Another frown crossed his face. The place was so small, so dingy. Surely memory hadn’t erred that badly. No, he hastily explained to himself. No, it was because the place was empty and there were no lights. It was because the jukebox wasn’t frothing with coloured bubbles and there were no couples dancing.
Unconsciously, he slid his hands into his trouser pockets, a pose he hadn’t assumed more than once or twice since he’d left college eighteen years before. He moved closer to the dance floor, nodding once to the low, battered bandstand as one would to an old acquaintance.
He stood by the dance floor edge and thought of Mary.
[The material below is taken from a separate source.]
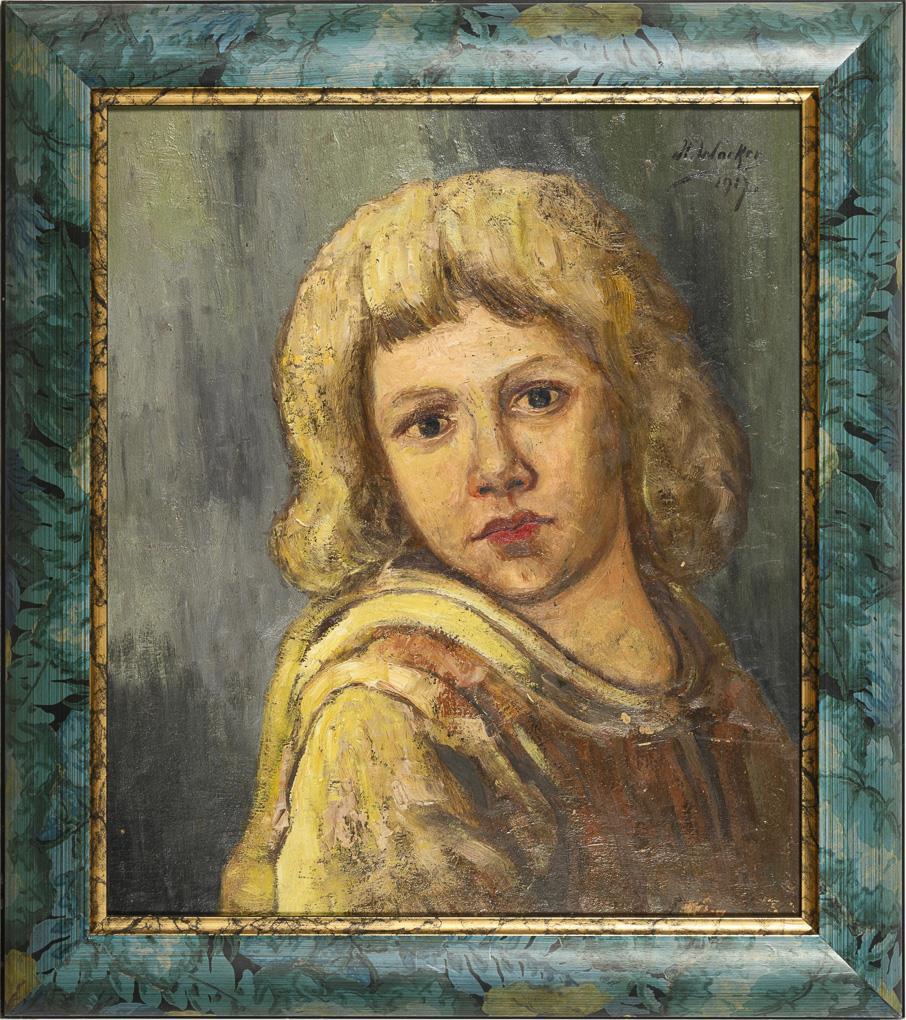 Portrait of a serious looking child with blond hair. Slight traces of age.

How many times had they circled that tiny area, moving to the rhythms that pulsed from the glowing jukebox? Dancing slowly, their bodies intimately close, her warm hand idly stroking the back of his neck. How many times? Something tightened in his stomach. He could almost see her face again. He turned away quickly from the dance floor and looked at the dark wooden booths.
A forced smile raised his lips. Were they still there? He moved around the edge of a column and started for the back.
“You lookin’ for somebody?” the old black man asked.
“No, no,” he said. “I just want to look at something.”
He moved down the rows of booths, trying to ignore the feeling of awkwardness. Which one is it? he asked himself. He couldn’t remember; they all looked the same. He stopped, hands on hips, and looked at all the booths, shaking his head slowly. On the dance floor, the black man finished his polishing, pulled the plug out and drew the lumbering machine away. The place grew deathly still.
He found them in the third booth he looked at. Worn thin, the letters almost as dark as the surrounding wood but, most assuredly, there. He slid into the booth and looked at them.
He thought about all the nights he and Spence and Dave and Norm had sat in this booth dissecting the universe with the deft, assured scalpels of college seniors.
“We thought we had it all,” he murmured. “Every darn bit of it.”
Slowly, he took off his hat and set it down on the table. What he wished for now was a glass of the old beer: that thick, malty brew that filled your veins and pumped your heart, as Spence used to say.
He nodded his head in appreciation, toasting a quiet toast.
“To you,” he whispered. “The unbeatable past.”
As he said it, he looked up from the table and saw a young man standing far across the room at the shadowy foot of the stairway. Johnson looked at the young man, unable to see him sharply without his glasses on.
After a moment, the young man turned and went back up the stairs. Johnson smiled to himself. Come back at six, he thought. The place doesn’t open till six.
That made him think again of all the nights he’d spent down here in the musty dimness, drinking beer, talking, dancing, spending his youth with the casual improvidence of a millionaire.